A graphic showing the BertViz representation of the sentence “the animal didn’t cross the street because it was too scared.” The last word, scared, was predicted by the GPT-2 model. The graphic shows that GPT-2 correlates “it” to the animal.
In this instance, GPT-2 completed the enter sequence with the phrase “scared.” How did the mannequin know what “it” was? By analyzing the eye heads, we be taught the mannequin related “it” with “the animal” (as an alternative of, for instance, “the road”). Image by writer.

If we break transformers down right into a “communication” section and a “computation” section, consideration would signify the “communication” section. In one other analogy, consideration is so much like a search-retrieval drawback, the place given a question, q, we need to discover the set of keys, ok, most much like q and return the corresponding values, v.

  • Query: What are the issues I’m on the lookout for?
  • Key: What are the issues that I’ve?
  • Value: What are the issues that I’ll talk?
A visualization of how to calculate attention for transformers
Visualization of consideration calculation.

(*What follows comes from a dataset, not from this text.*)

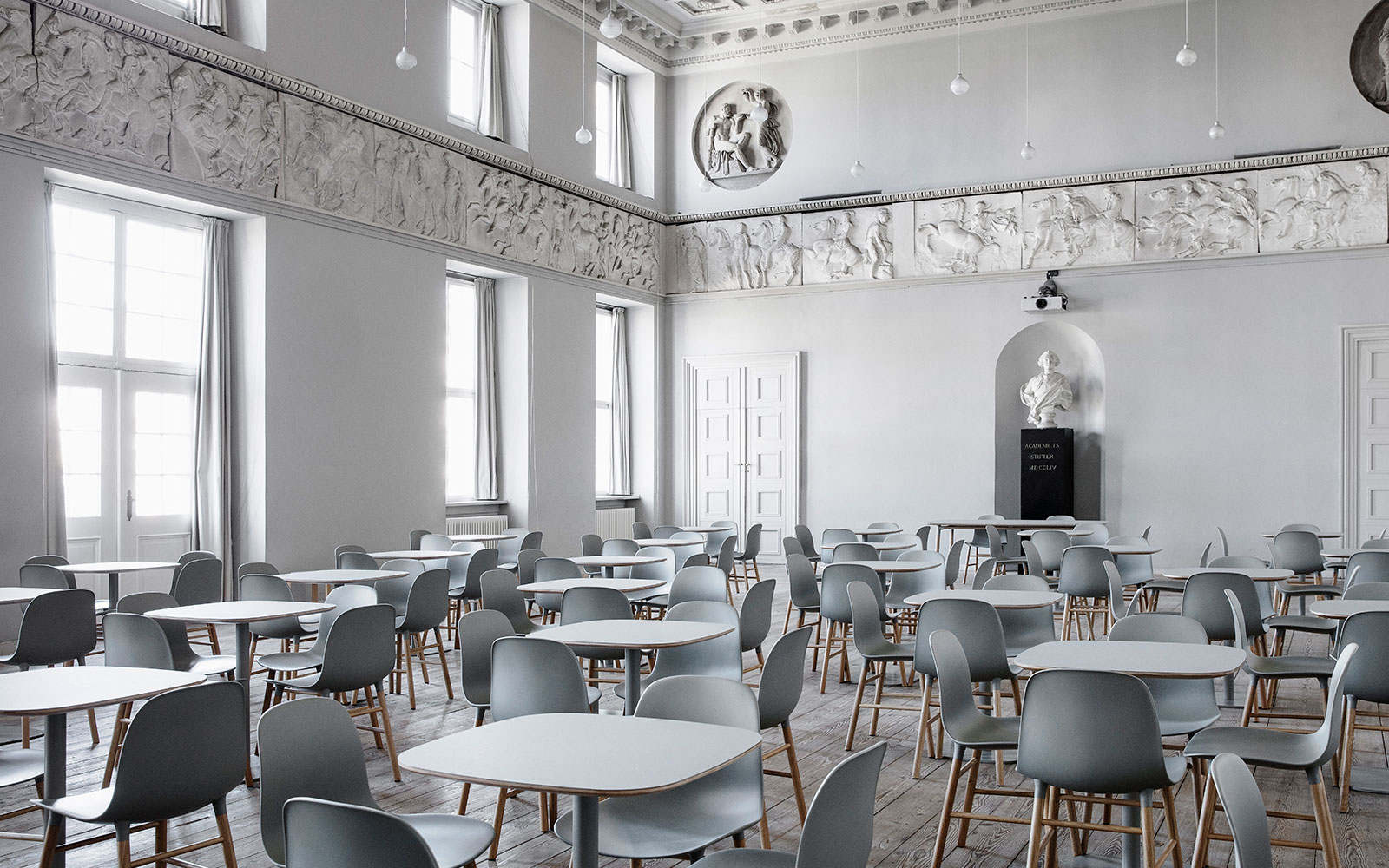 The cool Nordic color scale of the ballroom was emphasized by Form shell chairs in classic grey and natural oak legs. With its seamless, unified look, the Form series exudes a strong Scandinavian design aesthetic and high quality craftsmanship, worthy of any ballroom.

Image from Erik Storrs.

Self-attention refers to the truth that each node produces a key, question, and a worth from that particular person node. Multi-headed consideration is simply self-attention that’s utilized a number of instances in parallel with totally different initialized weights. Cross-attention signifies that the queries are nonetheless produced from a given decoder node, however the keys and the values are produced as a perform of the nodes within the encoder.

This is an oversimplified abstract of transformer architectures, and we’ve glossed over fairly a couple of particulars (like positional encodings, section encodings, and consideration masks). For extra data, try the extra sources under.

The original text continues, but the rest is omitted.